- Input data:
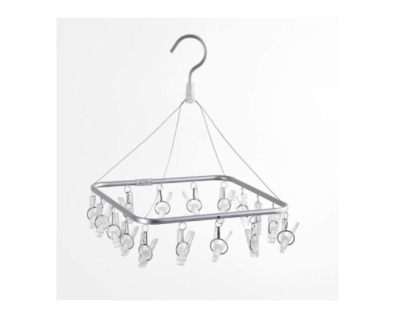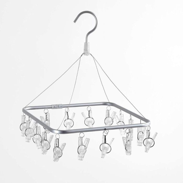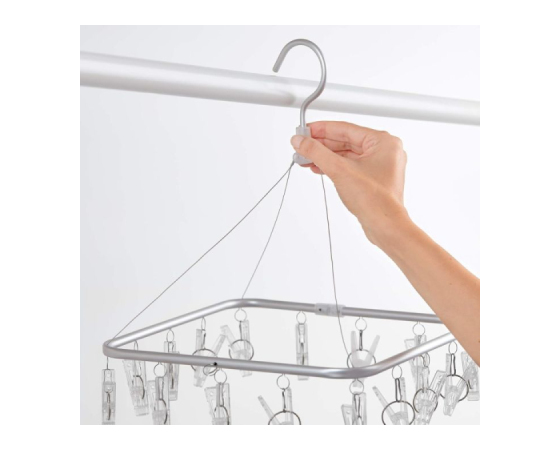 Praktična in kompaktna rešitev za sušenje manjših kosov perila – aluminijasta sušilna polica Rayen 0337 omogoča, da na majhnem prostoru obesite do 16 kosov oblačil. Idealna za nogavice, spodnje perilo in otroška oblačila. Zahvaljujoč vrtljivemu sistemu in vgrajenemu obešalniku jo lahko enostavno obesite na vrvico, balkon ali radiator – tako v notranjih kot zunanjih prostorih.
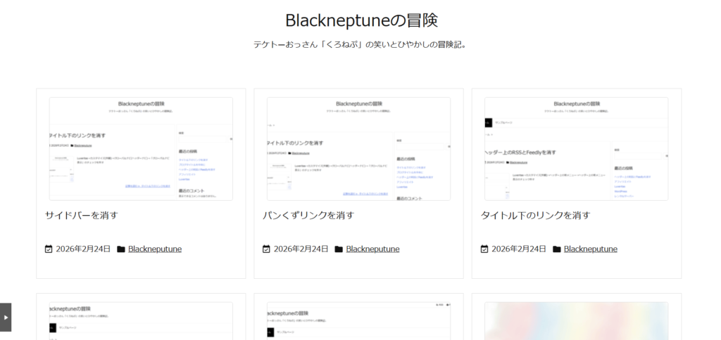 Luxeritas→カスタマイズ(外観)→グリッドレイアウト→「記事一覧の抜粋の文字数と色濃度」の「タイル型」を0に
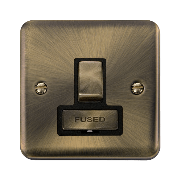 Curved Antique Brass 13A Ingot Fused Connection Unit Switched - Black Trim
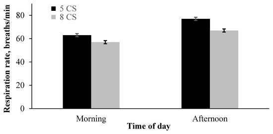 Mean respiratory rate (breaths/min) of Holstein cows cooled with 5 cooling sessions (5CS: black bar) or 8 cooling sessions (8CS: gray bar) at two time points during August and September 2021 (n = 8 animals per treatment, 24 days of recording per animal, 3 recording days per week). Error bars indicate the standard error of the mean (SEM; Pooled SEM = 1.33). The interaction between cooling sessions and time of day was significant (p = 0.005).

- What you will do: With the pictures omitted, reproduce the data above exactly.

- Written response:
 Praktična in kompaktna rešitev za sušenje manjših kosov perila – aluminijasta sušilna polica Rayen 0337 omogoča, da na majhnem prostoru obesite do 16 kosov oblačil. Idealna za nogavice, spodnje perilo in otroška oblačila. Zahvaljujoč vrtljivemu sistemu in vgrajenemu obešalniku jo lahko enostavno obesite na vrvico, balkon ali radiator – tako v notranjih kot zunanjih prostorih.
 Luxeritas→カスタマイズ(外観)→グリッドレイアウト→「記事一覧の抜粋の文字数と色濃度」の「タイル型」を0に
 Curved Antique Brass 13A Ingot Fused Connection Unit Switched - Black Trim
 Mean respiratory rate (breaths/min) of Holstein cows cooled with 5 cooling sessions (5CS: black bar) or 8 cooling sessions (8CS: gray bar) at two time points during August and September 2021 (n = 8 animals per treatment, 24 days of recording per animal, 3 recording days per week). Error bars indicate the standard error of the mean (SEM; Pooled SEM = 1.33). The interaction between cooling sessions and time of day was significant (p = 0.005).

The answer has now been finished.